The most commonly reported complications of the Essure are malpositioning, chronic pain, unintended pregnancy, infection, uterine or tubal perforation, device expulsion, and device migration. Nickel allergy was also reported.18 None of these adverse events have been recorded in our study.
Regarding the analgesia used in the placement of the Essure, there is a variety of studies that evaluate the pain during the procedure, and different analgesia protocols were used in them. Thiel et al19 compared intravenous sedation with oral analgesia, and concluded that they are equivalent.

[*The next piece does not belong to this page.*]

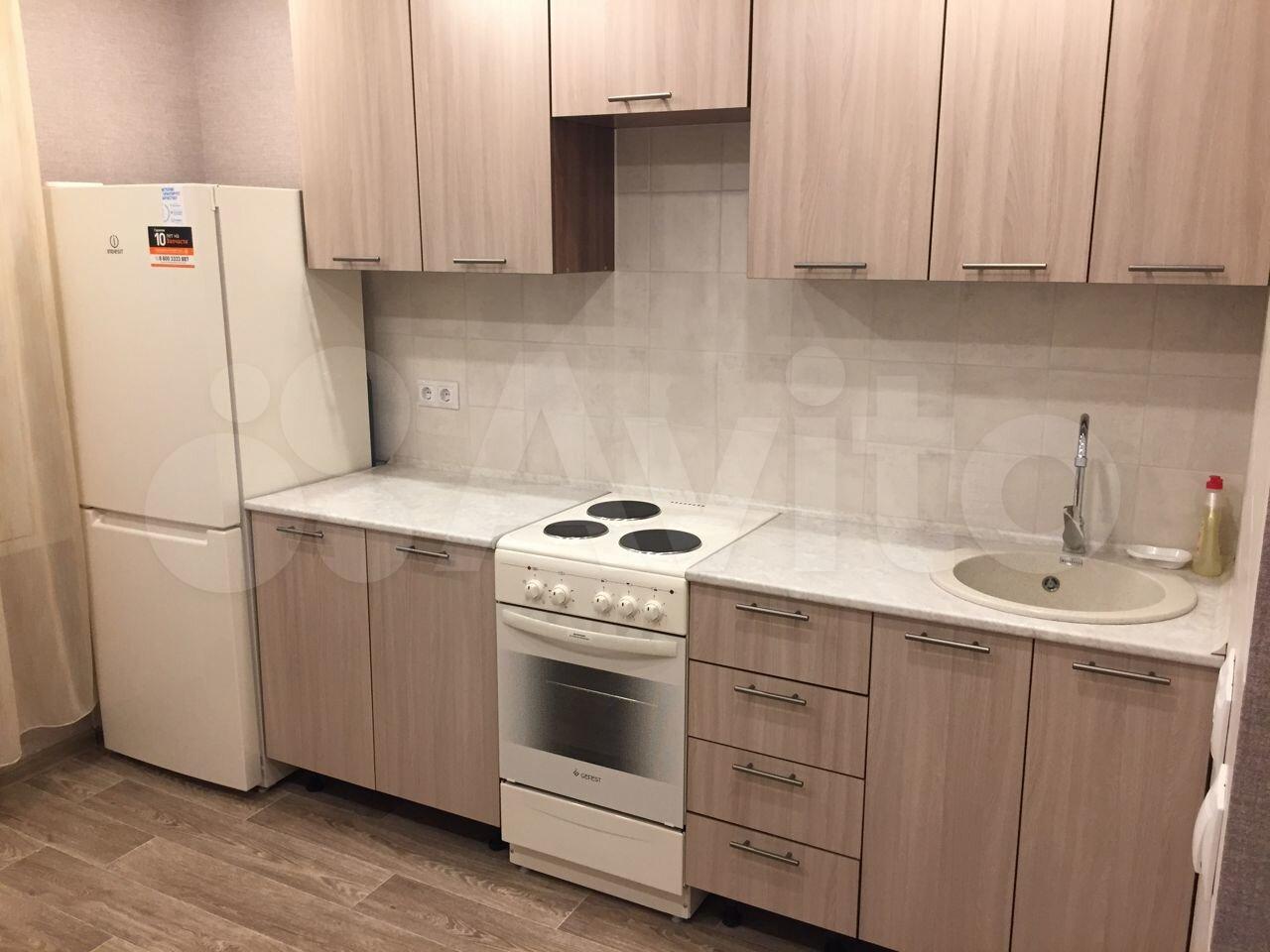 В квартире имеются: кухонный гарнитур, печь, холодильник, водонагреватель, стиральная машина, шкаф-купе, диван, кабельное телевидение и интернет.

Although sterilization is meant to be permanent, some women will express regret and request a reversal. The pregnancy rates after tubal ligation reversal range from 68% in women with a previous electrocautery procedure to 72% in women with silastic rings.20 Regarding the Essure, successful pregnancies were reported after micro-insert removal with tubal implantation to correct the interstitial occlusion by the laparotomy approach.21
A modified Essure implant (ESS505), with a synthetic polymer hydrogel seal on the distal end of the insert that when exposed to an aqueous environment causes the distal end to swell, potentially allowing immediate tubal occlusion, was created. This technique has been developed to avoid the 3 months' contraception and confirmatory test. The preliminary results revealed that this modified device was able to acutely occlude the targeted fallopian tube in the majority of cases (93%).22
Finally, considering the theory of the tubal origin of ovarian cancer and the hypothesis that salpingectomy may decrease the risk of it23, bilateral complete salpingectomy is now being considered as a method of sterilization that could potentially decrease the risk of ovarian cancer. Theoretically, bilateral salpingectomy is 100% effective, although at least 1 case report describes a pregnancy after bilateral tubal removal.24 Thus, in women undergoing tubal ligation for purposes of sterilization, counseling should include a discussion of complete fallopian tube removal, or opportunistic salpingectomy. Women should be informed that the potential benefit is theoretic, that there is the potential for increased surgical risks and compromised ovarian blood supply, leading to premature ovarian failure, and that they will not have the option of tubal reversal.25
In conclusion, the search for definitive methods is decreasing in our institution. The satisfaction rate was very high, and the complication rate was very low for both methods. For most women, both the laparoscopic and hysteroscopic techniques are effective options. The surgical approach depends on the patient's specific situation and her personal preferences and values. For women who desire a method that is immediately efficient and requires no further follow-up, the laparoscopic approach is preferable. However, for those who would like to avoid abdominal incisions and general anesthesia, hysteroscopic tubal occlusion may be the best choice. Gynecologists should take each woman's individual circumstances into account and provide directed counseling to help patients with the decision-making process.